I should emphasize that the way WIPO has pursued character-based patent application filing is night-and-day different from the way that USPTO has pursued it.  WIPO has consistently been thoughtful about character-based filing and has gone to great lengths to try to protect applicants from unintended harms.   In contrast, USPTO has made many wrong choices about character-based filing, choices which disregard the concerns of applicants and practitioners.

It is impossible to overstate how careful WIPO was, from the outset, about trying to pay attention to applicants’ concerns.  To give just one example among many of WIPO being thoughtful about such concerns, from the earliest days of character-based filing in ePCT, it has been possible for the applicant to provide what is called a “pre-conversion format” application file.  The idea from the earliest days has been that if it were to be discovered that something had gone wrong in the conversion from the applicant’s own trusted format into the XML-based PCT format, the applicant would be able to point to the pre-conversion file so that everyone could see what the applicant intended the patent application to say.

Which brings us around to my Greek letter “μ” that became an “m” as you see in the image at the beginning of this blog article.  In the ePCT system, the ultimate goal for receiving characters from the applicant is that the filer provides an XML file, formatted according to something called “Annex F”.  In the ePCT system, one of the permitted ways to e-file is for the applicant to literally upload that XML file.  Given that most would-be filers do not have a word processor that natively works in Annex F XML, it is understandable that the folks at WIPO provide a DOCX-to-XML converter.  The idea is that you as a filer could author your PCT patent application in some word processor (for example Google Docs or Libre Office) that is able to export DOCX format.  Or maybe you as a filer would pick Microsoft Word (which natively stores in its own version of DOCX format) as the way to author your PCT patent application, in which case there is no need for you to “export” the application into DOCX format because with Microsoft Word, the native storage format is (a variant of) DOCX.

And then you upload your exported DOCX file (if you used some non-Microsoft product), or your natively authored DOCX file (if you used Microsoft Word) into the ePCT DOCX-to-XML converter.

And then maybe you file your PCT patent application in ePCT.

Let’s review why you might do all of this DOCX stuff, depending on which patent office you are filing your patent application in.

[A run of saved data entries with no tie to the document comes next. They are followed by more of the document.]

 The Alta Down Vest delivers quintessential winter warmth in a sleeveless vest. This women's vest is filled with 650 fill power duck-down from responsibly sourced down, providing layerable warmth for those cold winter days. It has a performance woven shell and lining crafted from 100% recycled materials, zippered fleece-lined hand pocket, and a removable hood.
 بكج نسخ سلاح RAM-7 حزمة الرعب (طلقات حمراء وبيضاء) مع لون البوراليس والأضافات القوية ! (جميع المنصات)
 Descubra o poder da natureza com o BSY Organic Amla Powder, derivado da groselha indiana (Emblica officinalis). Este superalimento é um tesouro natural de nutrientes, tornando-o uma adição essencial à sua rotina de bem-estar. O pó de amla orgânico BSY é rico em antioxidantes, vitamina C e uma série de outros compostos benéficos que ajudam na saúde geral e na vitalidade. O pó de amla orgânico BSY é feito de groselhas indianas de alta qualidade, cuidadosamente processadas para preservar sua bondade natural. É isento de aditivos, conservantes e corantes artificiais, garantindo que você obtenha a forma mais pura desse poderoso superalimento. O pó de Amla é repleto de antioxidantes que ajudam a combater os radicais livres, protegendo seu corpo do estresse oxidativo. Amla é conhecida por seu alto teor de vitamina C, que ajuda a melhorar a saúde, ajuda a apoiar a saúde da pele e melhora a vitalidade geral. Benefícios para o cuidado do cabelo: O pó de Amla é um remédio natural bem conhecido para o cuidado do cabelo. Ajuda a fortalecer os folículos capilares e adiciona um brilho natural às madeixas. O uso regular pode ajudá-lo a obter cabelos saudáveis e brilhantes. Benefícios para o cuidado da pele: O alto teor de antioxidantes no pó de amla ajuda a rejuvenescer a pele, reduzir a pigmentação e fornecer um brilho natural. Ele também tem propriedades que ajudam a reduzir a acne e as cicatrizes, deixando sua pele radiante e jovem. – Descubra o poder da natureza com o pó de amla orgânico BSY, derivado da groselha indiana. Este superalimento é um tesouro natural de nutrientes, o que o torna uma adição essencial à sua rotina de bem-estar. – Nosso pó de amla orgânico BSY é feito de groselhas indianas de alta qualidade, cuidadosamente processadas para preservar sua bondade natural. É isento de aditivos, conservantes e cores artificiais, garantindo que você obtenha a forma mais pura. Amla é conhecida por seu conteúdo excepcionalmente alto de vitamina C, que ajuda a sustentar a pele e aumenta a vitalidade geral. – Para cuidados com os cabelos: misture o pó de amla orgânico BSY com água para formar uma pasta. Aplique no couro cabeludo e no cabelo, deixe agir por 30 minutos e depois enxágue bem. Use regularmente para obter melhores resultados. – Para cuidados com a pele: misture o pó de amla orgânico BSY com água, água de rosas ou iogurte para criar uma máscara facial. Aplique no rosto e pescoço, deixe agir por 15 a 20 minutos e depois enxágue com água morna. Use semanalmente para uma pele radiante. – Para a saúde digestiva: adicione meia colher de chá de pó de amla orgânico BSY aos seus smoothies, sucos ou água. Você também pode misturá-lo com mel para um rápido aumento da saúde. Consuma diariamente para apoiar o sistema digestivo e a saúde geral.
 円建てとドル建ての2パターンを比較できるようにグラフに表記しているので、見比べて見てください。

If you are filing DOCX at the USPTO, you are doing it because the USPTO plans to charge you a $400 penalty if you try to choose some format other than DOCX (PDF, for example) that will “control”.

If you are filing DOCX at ePCT, you are maybe doing it because it will reduce your international filing fee by 100 Swiss Francs.  But you get to include the “pre-conversion format” file if you wish.

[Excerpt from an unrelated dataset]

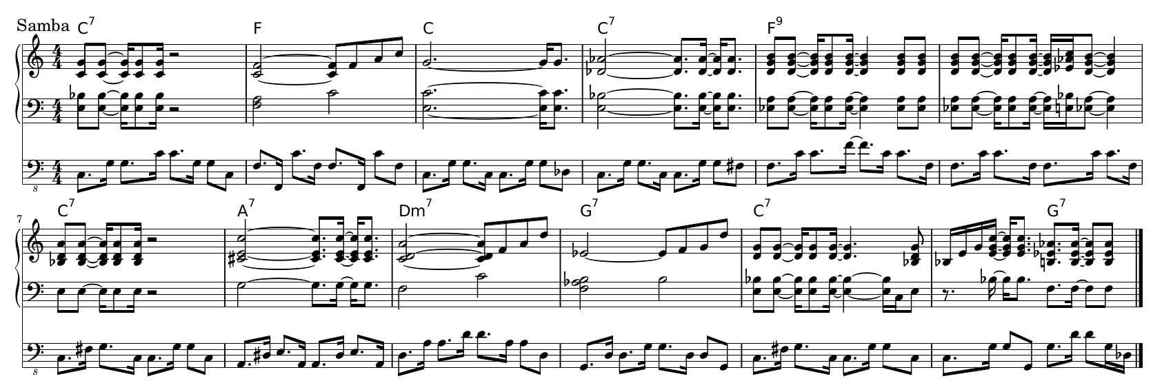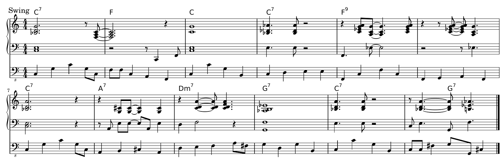 To sum up, unsupervised translation is tricky to pull off; on the other hand, supervised translation requires large amounts of aligned training examples. I decided to work around the latter issue by creating a synthetic training dataset using the Band-in-a-Box software, which allows generating song accompaniments in many different styles. To give you an idea of what Band-in-a-Box can do, here are accompaniments in two different styles, generated based on the same blues chord sequence:
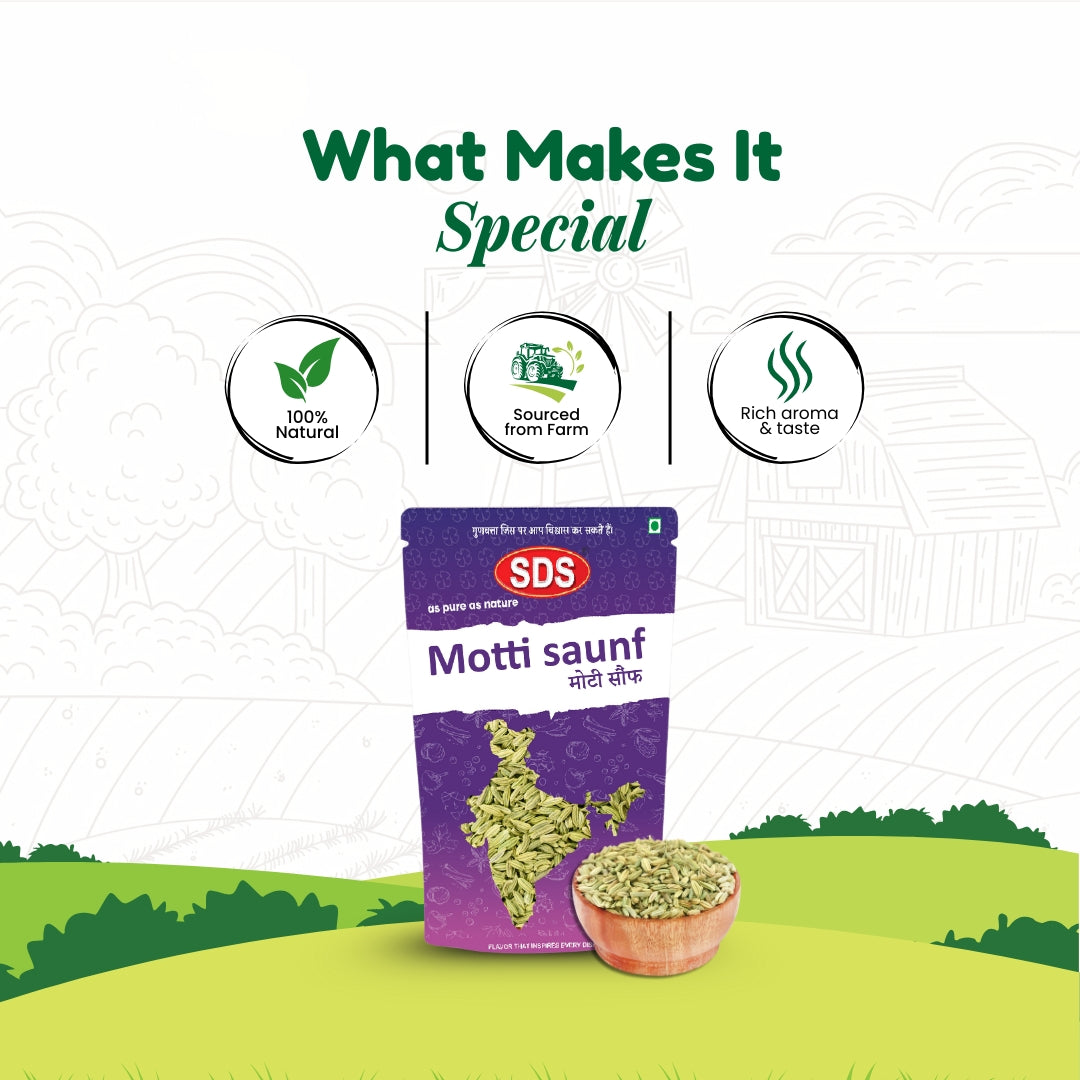 Experience the beautiful benefits of moti sauf (fennel seeds) more simply. Our saunf adds a delightful touch to your meals and serves as a natural digestive after your meals. Additionally, you can enjoy its refreshing properties as a mouth freshener. Discover its traditional use in Gujarati and Kashmiri cuisines, enhancing the authenticity of regional specialities.

WIPO uses a carrot.  USPTO uses a stick.

So let’s talk about my Greek letter “μ” that became an “m”.  In this case, on October 22, 2022 I had authored my PCT patent application in Libre Office.  Its native file format is ODT.  (I would have been delighted if ePCT had offered an ODT-to-XML converter.)  I clicked in Libre Office to ask it to export the ODT file into DOCX format, which it did.  I then uploaded the DOCX file into the ePCT DOCX-to-XML converter.  It gave me back a PDF file that allowed me to see the results of the ePCT conversion of DOCX to XML.  I was astonished to see three types of DOCX failure.  The first was that my Greek letter “μ” became an “m”.  Here is the original (Libre Office) rendering:

click to enlarge

And here is what I was gobsmacked to see in the ePCT DOCX-to-XML rendering:

click to enlarge

Another baffling DOCX fail was the coinage of a new word “howsize”:

click to enlarge

When I saw this new word “howsize” that had been rendered in my to-be-filed application in ePCT, I went back to look at the original file in Libre Office.  Here it is:

click to enlarge

I said that there were three DOCX failures that day in the ePCT DOCX-to-XML conversion process.  The third one was more subtle.  Can you see it?

click to enlarge

Yes what turned out is that every time a word got hyphenated at the end of a line, the DOCX-to-XML converter inserted a spurious double-space (instead of the original single space) before the hyphenated word.

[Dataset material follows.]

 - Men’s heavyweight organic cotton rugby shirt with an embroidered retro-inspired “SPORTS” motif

When I saw all of this going wrong with the DOCX conversion in the ePCT system, I was reminded that unlike the USPTO, WIPO is nice about this.  With the USPTO, the plan is that your punishment if you don’t play by USPTO’s rules is that you have to pay $400 extra.  With WIPO, if you see the DOCX conversion taking some unexpected turn, you have two paths available:

    • You can just choose to drop your DOCX plans and file in PDF, in which case there is no $400 penalty you will have to pay.   It is just that the 100 Swiss Franc filing-fee reduction won’t happen.  You will just pay the regular filing fee.
    • You can file the DOCX-based application (perhaps after fiddling with your word processor file to try to fix the DOCX fails) and provide the pre-conversion format file, with the idea that the pre-conversion file would probably protect you if it were to turn out that there was also some other DOCX fail that you did not detect at filing time but only discovered later.  (And if you choose this path, you get the 100 Swiss-Franc filing fee reduction.)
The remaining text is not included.